Над ними, пришедшими в картину из народных сказаний и легенд, стволы мощных деревьев, на извилистых ветвях которых — волшебный голубой город: замки, ворота, дома со светящимися окнами. В просветах между деревьями, на ветках — совсем крошечные, еле различимые города и крепости, всякие — античные и романские, мусульманские и готические; здесь колонны и минареты, строгие портики и машикули… Будто родословное древо мировой истории.

⠀⠀ ⠀⠀

Сказка о королях. 1908



В этом дремучем лесу истории человечества на ладони королевы покоится деревенька. Всмотритесь. Это не просто деревня: художник изобразил литовский хуторок под луной на желтоватом небе — избы с соломенной крышей и красными пятнышками труб, тополя, изгородь… От него исходит сияние. Янтарно-желтый полукруг света над литовской деревушкой — смысловой и композиционный центр картины. Рука, этот образ созидания и творческой силы, рука, несущая миру солнечный шар дружбы, выступает здесь символом исторической судьбы.

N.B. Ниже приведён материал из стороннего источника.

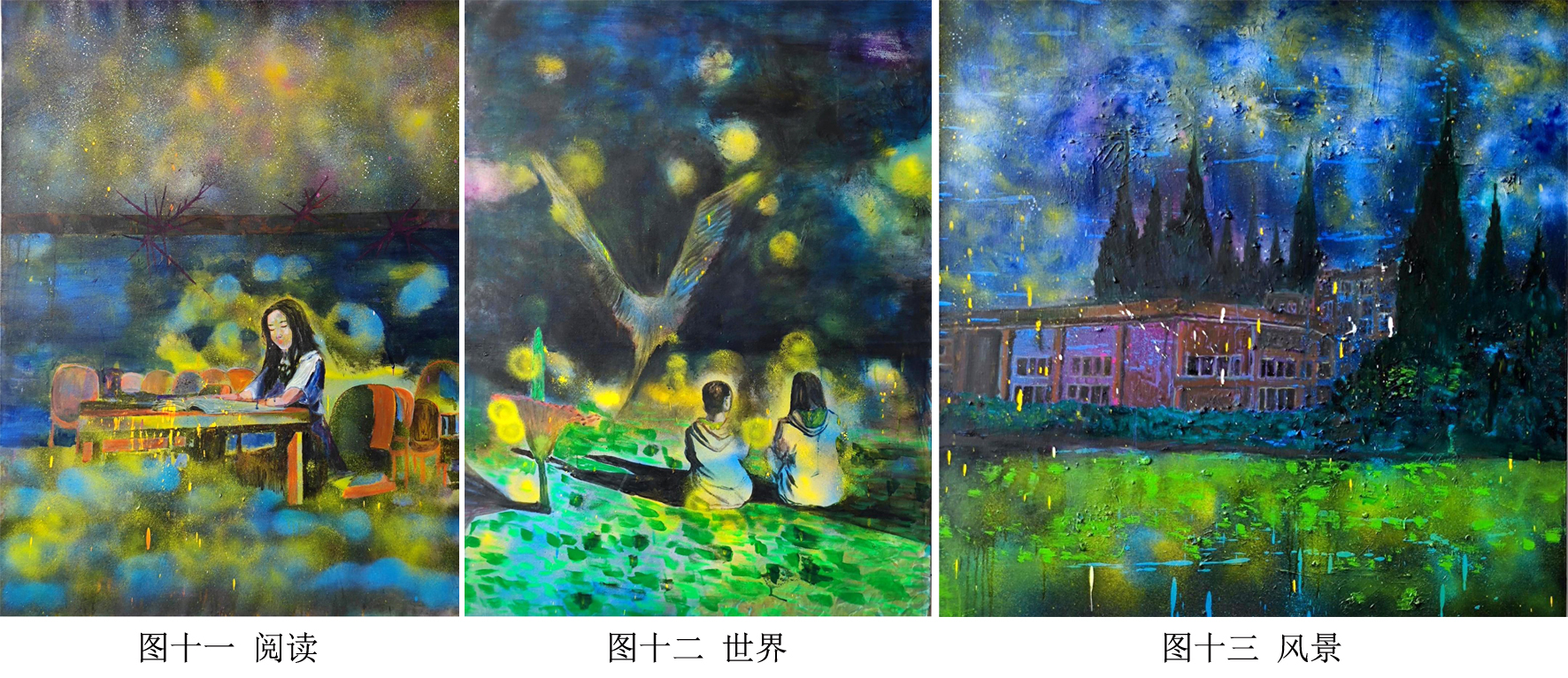 在《波德莱尔的戏剧》的创中,龚雷获得了一种新的经验,即一种经由材料应直接思想的方法,并且从“波德莱尔的戏剧”舞台上投射到若干独幅作品中去,在《阅读》(图十一)《世界》(图十二)《风景》(图三)等作品中形成了较稳定的风格特征,继而在更新的一系列创作中延展出抽象的形式。

Ласковая и добрая рука судьбы, нашедшая Литву в дебрях истории и поднимающая ее из бездонной тьмы к жизни, свету под склоненными лицами веков, глядящих на нее с интересом и ожиданием.

Так в пейзажах и «Сказках» 1907–1908 годов вырастает мудрый талант Чюрлёниса, художника-лирика, утоляющего свою тоску по красоте в ощущении единства природы и человека, великой гармонии мироздания. Тяготея к самым давним, фольклорным путям художественного обобщения, отталкиваясь от примитивных истоков национального искусства, он идет к «новому мифотворчеству». Тенденция, характерная для ряда крупных мастеров начала века; в частности — для Врубеля. В этот период к нему без всяких оговорок могут быть приложимы сказанные в 1910 году слова А. Блока: «Художник — это тот, для кого мир прозрачен, кто обладает взглядом ребенка, но во взгляде этом светится сознание зрелого человека; тот, кто роковым образом, даже независимо от себя, по самой природе своей, видит не один только первый план мира, но и то, что скрыто за ним, ту неизвестную даль, которая для обыкновенного взора заслонена действительностью наивной; тот, наконец, кто слушает мировой оркестр и вторит ему, не фальшивя»39.


"Фуга" и "сонаты" 1907–1908

Одна из картин, написанных Чюрлёнисом в этот период, называется «Фугой».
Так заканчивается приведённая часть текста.